New insights into causes of sudden cardiac death in the young

Genetic testing has shed new light on the deaths of nearly 500 young Australians and New Zealanders who died from sudden cardiac death in a 3-year period, the New England Journal of Medicine reports today.

“Sudden cardiac death in children and young adults has a devastating impact on families, care providers and the community,” says the University of Sydney’s Professor Chris Semsarian, who led the multinational study, which included researchers from the Murdoch Children’s Research Institute and the University of Melbourne.

“It’s a tragedy that claims the lives of two to three young Australians each week.

“Sudden cardiac death is a sudden, unexpected death in an otherwise healthy person occurring within an hour of symptom onset, or when unwitnessed, within 24 hours of the person last being seen in good health,” says Professor Semsarian.
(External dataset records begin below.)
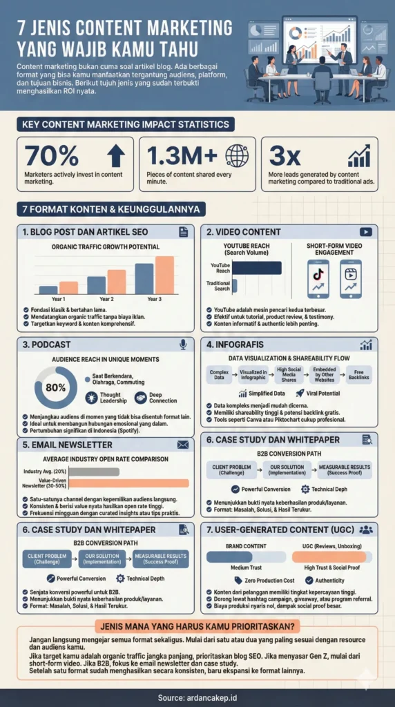 Content marketing bukan cuma artikel di web. Ada berbagai format yang bisa kamu manfaatkan tergantung audiens, platform, dan tujuan bisnis.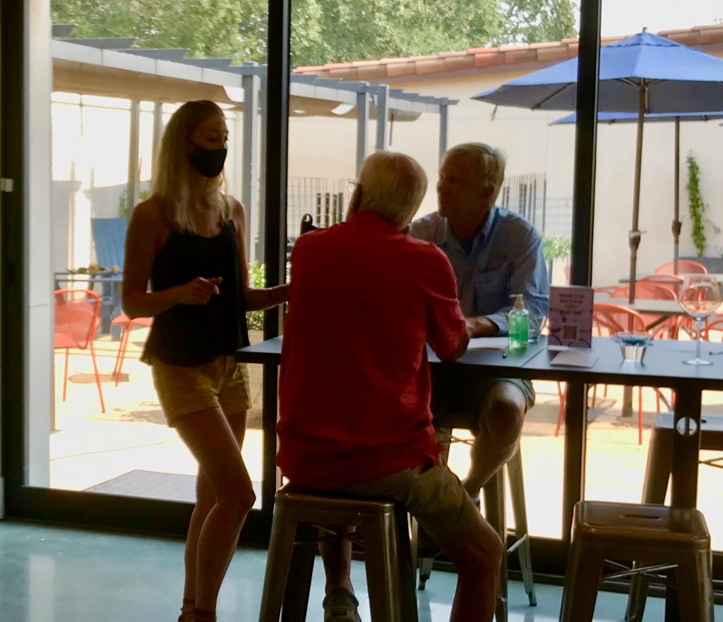 In the huge and empty courtyard of Bacchus Landing we met Whitney who invited us to come in to see the newly opened tasting room for Montagne Russe Wines. She was so gracious and the tasting room so inviting we could not resist her invitation.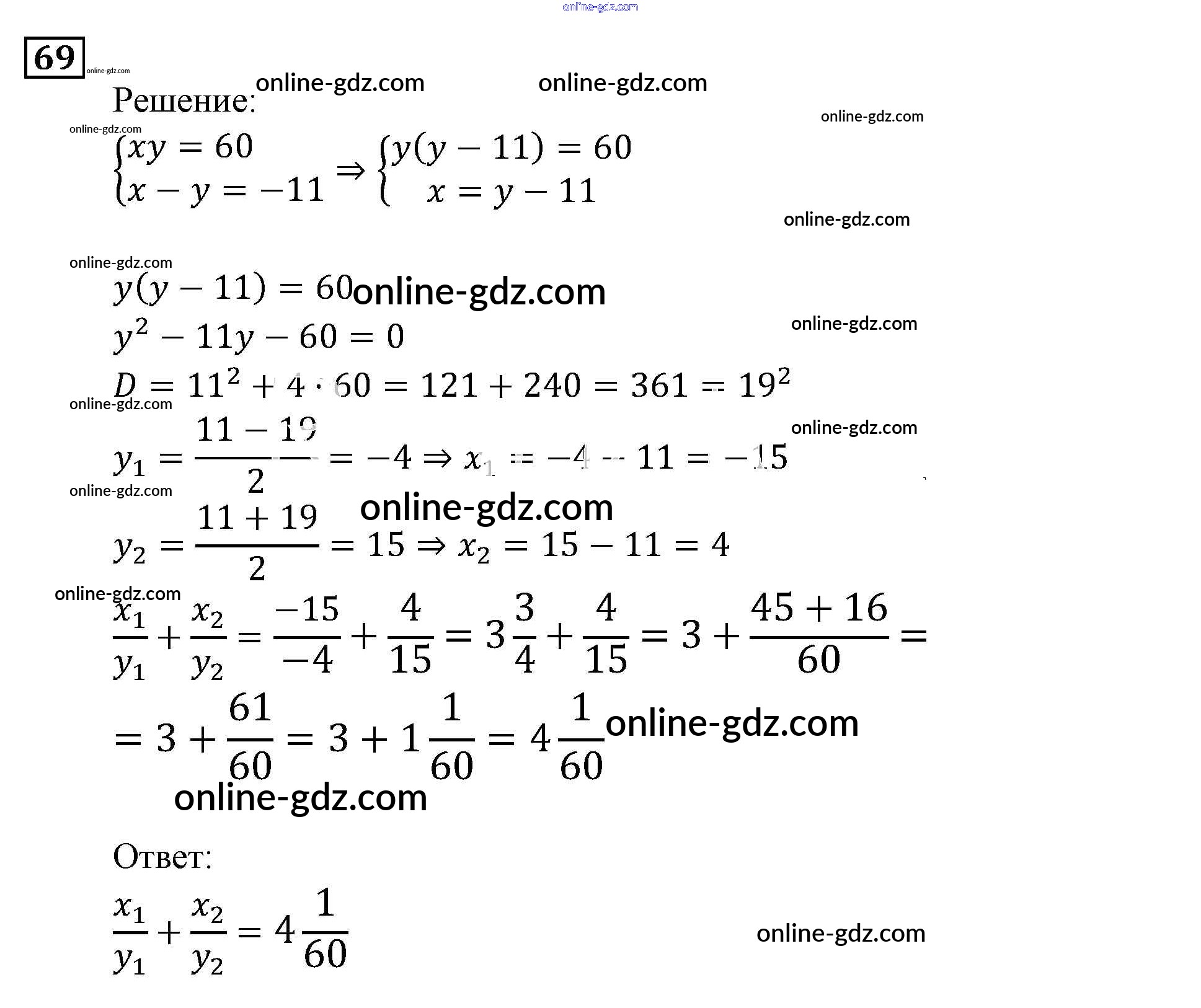 Готовые домашние задания по Алгебре за 9 класс Задачник Мордкович, Александрова 2010 - Уравнения и системы уравнений Итоговое повторение (2010) 69

To source the cause of these deaths, researchers prospectively investigated all 490 cases of sudden cardiac death (SCD) occurring among people aged one to 35 years from 2010 to 2012.

Key results

They found a cause of death in 60 per cent of cases (292) by reviewing information from autopsies, coronial and police reports. Most of these deaths were explained by coronary artery disease (24 per cent), inherited cardiomyopathies (16 per cent), myocarditis (7 per cent) and aortic dissection (4 per cent).

However, the remaining 40 per cent (198) of cases were initially unexplained at autopsy.

To shed light on these, researchers obtained permission to analyse blood from many of these cases and do clinical screening among family members.

Testing found that one in four (27 per cent) unexplained sudden cardiac deaths had a clinically relevant genetic mutation, despite these people having structurally normal hearts.

Age level analysis revealed that 31 to 35 year-olds had the highest incidence of SCD while 16-20 year-olds had the highest incidence of unexplained SCD deaths.

Also, most SCD cases occurred during sleep (38 per cent) or rest (27 per cent), questioning the efficacy of limiting strenuous physical activity as a way to reduce SCD among children and young adults.

“Making a clear genetic diagnosis in cases of unexplained sudden cardiac death in a young person has implications for surviving relatives,” says Professor Semsarian.

“Pinpointing the underlying cause can save the lives of others and bring some comfort to devastated families, especially when many of these deaths go unexplained.”

One of the study’s co-authors, Associate Professor Andrew Davis from Murdoch Children's Research Institute (MCRI), said that this information will be of direct benefit to families who have lost a child from sudden cardiac death. The multidisciplinary model of care we have developed along-side the study involves comprehensive clinical assessment and sophisticated genetic analysis to identify at-risk members who may benefit from simple but life-saving preventative therapy.

Beyond preventive advice and clinical care for at-risk family members, Semsarian says there are three ways to reduce sudden cardiac deaths in the broader community:

• Raise awareness – anyone who has had blackouts during exercise or a family history of genetic heart disorder may be at high-risk of sudden cardiac death. These people should see their GP to discuss a screening test.
• Teach CPR in schools, sports clubs, workplaces and community settings.
• Increase the availability of defibrillators and people trained to use them in schools, sports clubs and community venues.